I got the Chihiros ones and they are nice. They dont need brackets and you can turn the outflow, plus you can dismantle it for cleaning which is a very nice feature.


----------



## Wulfen (30 Jul 2018)

Gonçalo Silva said:


> I got the Chihiros ones and they are nice. They dont need brackets and you can turn the outflow, plus you can dismantle it for cleaning which is a very nice feature.


Many thanks Goncalo.
These are really nice. I like the fact the outflow can be turned, I thought the metal type was fixed.
Had a look at these online. It seems there is no 17mm version?


----------



## Siege (30 Jul 2018)

18mm will be fine. Dip the end of your filter tube in boiling water for a couple of secs and it’ll stretch over.

Check out the ones with a skim attachment. Will suck up all surface film.


----------



## Zeus. (30 Jul 2018)

Siege said:


> 18mm will be fine. Dip the end of your filter tube in boiling water for a couple of secs and it’ll stretch over.
> 
> Check out the ones with a skim attachment. Will suck up all surface film.
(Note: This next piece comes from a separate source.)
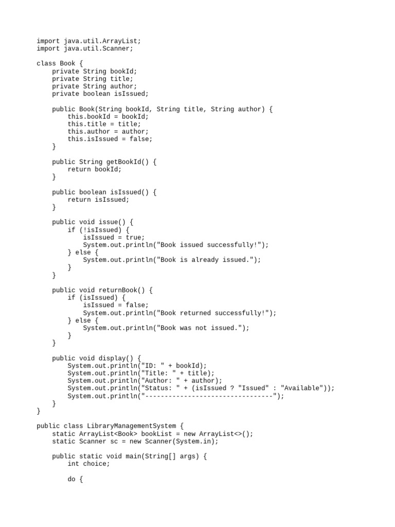 System.out.println("Status: " + (isIssued ? "Issued" : "Available"));

I bet the outside diameter of the SS 18mm lily pipes is less than the glass 17mm lily pipes! Has to be when you think about it. Plus an 18mm pipe will have less reduction in the flow also.
As to the shape of the outlet of the lily pipe and it’s effect on the tank turnover! Well that’s a completely different story/effect


----------



## Wulfen (30 Jul 2018)

Siege said:


> 18mm will be fine. Dip the end of your filter tube in boiling water for a couple of secs and it’ll stretch over.
> 
> Check out the ones with a skim attachment. Will suck up all surface film.


Cheers mate


----------



## Zeus. (30 Jul 2018)

Or does the size ref to the outside diameter not the internal! Bet it does


----------



## Wulfen (30 Jul 2018)

Zeus. said:


> Or does the size ref to the outside diameter not the internal! Bet it does


I believe it is the outside diameter.


----------



## Gonçalo Silva (30 Jul 2018)

Wulfen said:


> Many thanks Goncalo.
> These are really nice. I like the fact the outflow can be turned, I thought the metal type was fixed.
> Had a look at these online. It seems there is no 17mm version?



It’s the L. It’s the ones I got.


----------



## Wulfen (31 Jul 2018)

Gonçalo Silva said:


> It’s the L. It’s the ones I got.


Cheers Concalo. Just had a look at one of your aquascapes. In the later images, I can see the steel lily pipes. Look very nice.


----------